** Data shown **
==*==

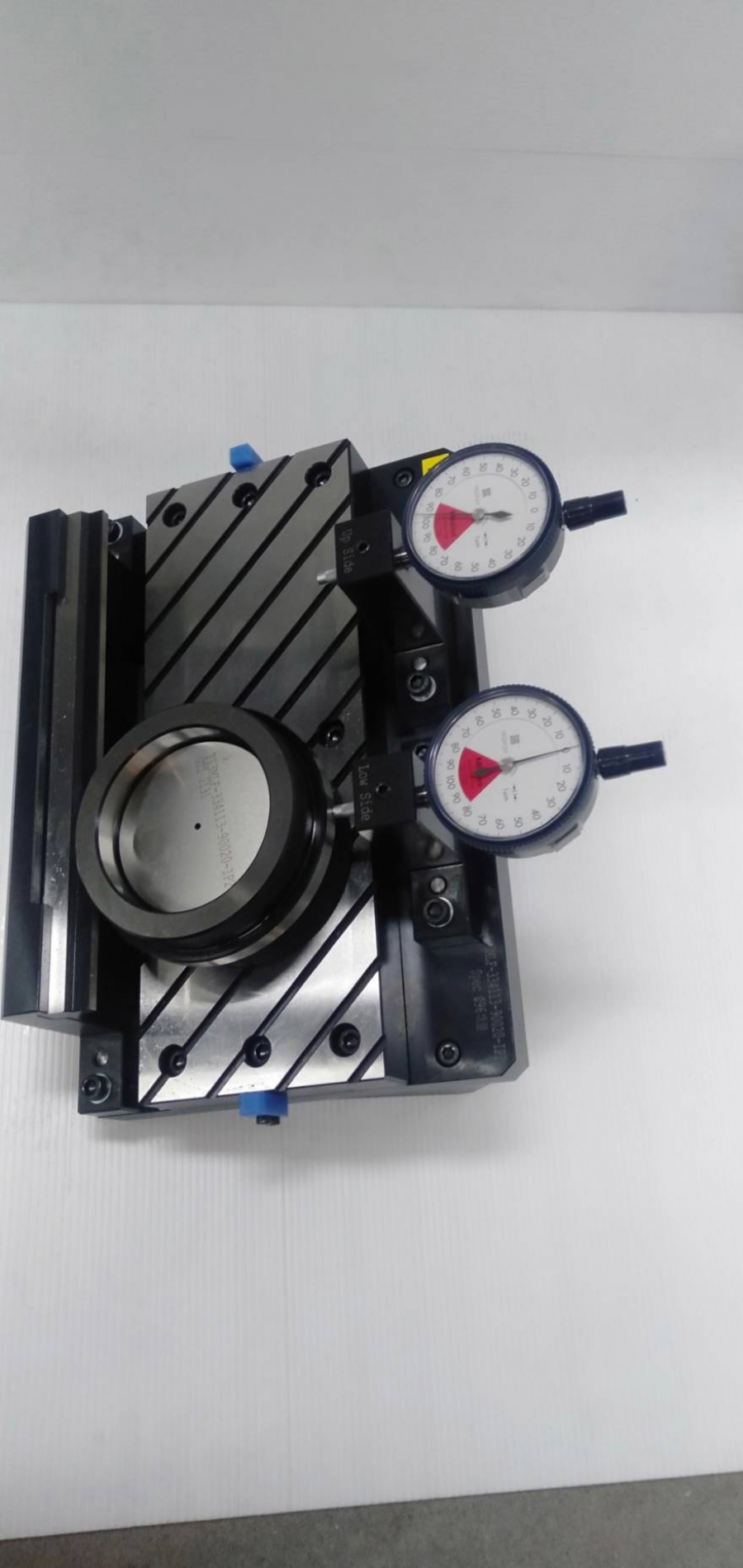 Inspection Jig check OD ของชิ้นงาน เพื่อควบคุมค่า Diameter ของชิ้นงานหลังการผลิตให้อยู่ในค่ามาตรฐาน ที่กำหนดใว้ใน DWG.โดยนำ Master Gauge สวมเข้ากับ Datum วางบน Base plate เเล้ว SLDE ชุด Datum/Mastergauge เข้าหา point ของ Dial Indicator เพื่อหาจุดสูงสุด เเล้วปรับ หน้าปัดของ Dial Indicator ไปที่ตำเเหน่ง '' 0 " โดย Dial Indicator ตัวที่1เช็ค OD ด้านล่างของชิ้นงาน Dial Indicator ตัวที่ 2 เช็ค OD ด้านบนของชิ้นงาน Inspection Jig check OD ของชิ้นงาน ชุดนี้ออกเเบบมาเพื่อ สะดวกรวดเร็วในการตรวจวัดในระหว่างการผลิต เเละสามารถคัดเเยกชิ้นงาน NG หลังจากการผลิตโดยการอ่านค่าจากตัว เพื่อหาจุดสูงสุด เเล้วปรับ หน้าปัดของ Dial Indicator
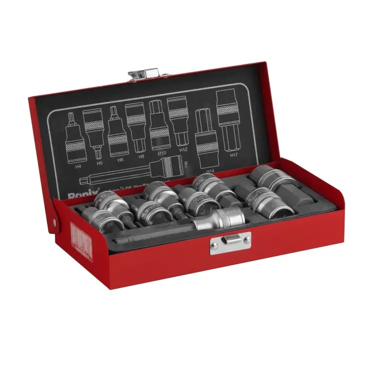 جعبه بکس مدل RH-2692 رونیکس، انتخابی کارآمد و حرفهای است. این مجموعه 9 پارچه، شامل 9 عدد آچار رابط ششگوش با طولهای مختلف و سوکتهای ½ اینچی است. با وجود تنوع سوکت و رابط، کاربران از تنوع و انعطاف بالایی در انجام فعالیت های خود بهرهمند می شوند.
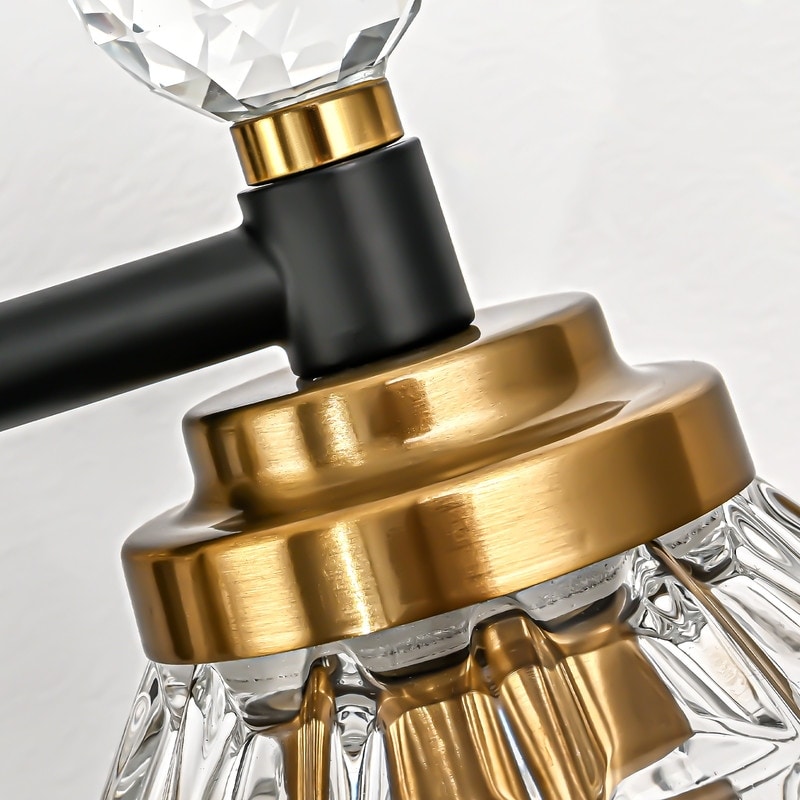 Illuminez votre salle d'eau ou votre salle de bains attenante avec élégance et raffinement grâce à cette applique murale glamour en noir et or. Fabriquée en métal poli noir et or, cette applique au design soigné présente une élégante plaque arrière arrondie, tandis qu'un bras horizontal aux courbes harmonieuses est orné de trois embouts en cristal. Les abat-jour en forme de cloche, en verre facetté, complètent le design et diffusent une lumière douce et agréable dans votre espace. Cette applique à intensité variable peut être installée vers le haut ou vers le bas pour plus de polyvalence et est compatible avec différents types d'ampoules et températures de couleur pour créer diverses ambiances.

==*==

** What you should do **
The response is to contain exactly the lines from the beginning of the data through the line containing "جعبه بکس مدل", both ends included, and nothing else; omit the pictures.

** Result of the task **
 Inspection Jig check OD ของชิ้นงาน เพื่อควบคุมค่า Diameter ของชิ้นงานหลังการผลิตให้อยู่ในค่ามาตรฐาน ที่กำหนดใว้ใน DWG.โดยนำ Master Gauge สวมเข้ากับ Datum วางบน Base plate เเล้ว SLDE ชุด Datum/Mastergauge เข้าหา point ของ Dial Indicator เพื่อหาจุดสูงสุด เเล้วปรับ หน้าปัดของ Dial Indicator ไปที่ตำเเหน่ง '' 0 " โดย Dial Indicator ตัวที่1เช็ค OD ด้านล่างของชิ้นงาน Dial Indicator ตัวที่ 2 เช็ค OD ด้านบนของชิ้นงาน Inspection Jig check OD ของชิ้นงาน ชุดนี้ออกเเบบมาเพื่อ สะดวกรวดเร็วในการตรวจวัดในระหว่างการผลิต เเละสามารถคัดเเยกชิ้นงาน NG หลังจากการผลิตโดยการอ่านค่าจากตัว เพื่อหาจุดสูงสุด เเล้วปรับ หน้าปัดของ Dial Indicator
 جعبه بکس مدل RH-2692 رونیکس، انتخابی کارآمد و حرفهای است. این مجموعه 9 پارچه، شامل 9 عدد آچار رابط ششگوش با طولهای مختلف و سوکتهای ½ اینچی است. با وجود تنوع سوکت و رابط، کاربران از تنوع و انعطاف بالایی در انجام فعالیت های خود بهرهمند می شوند.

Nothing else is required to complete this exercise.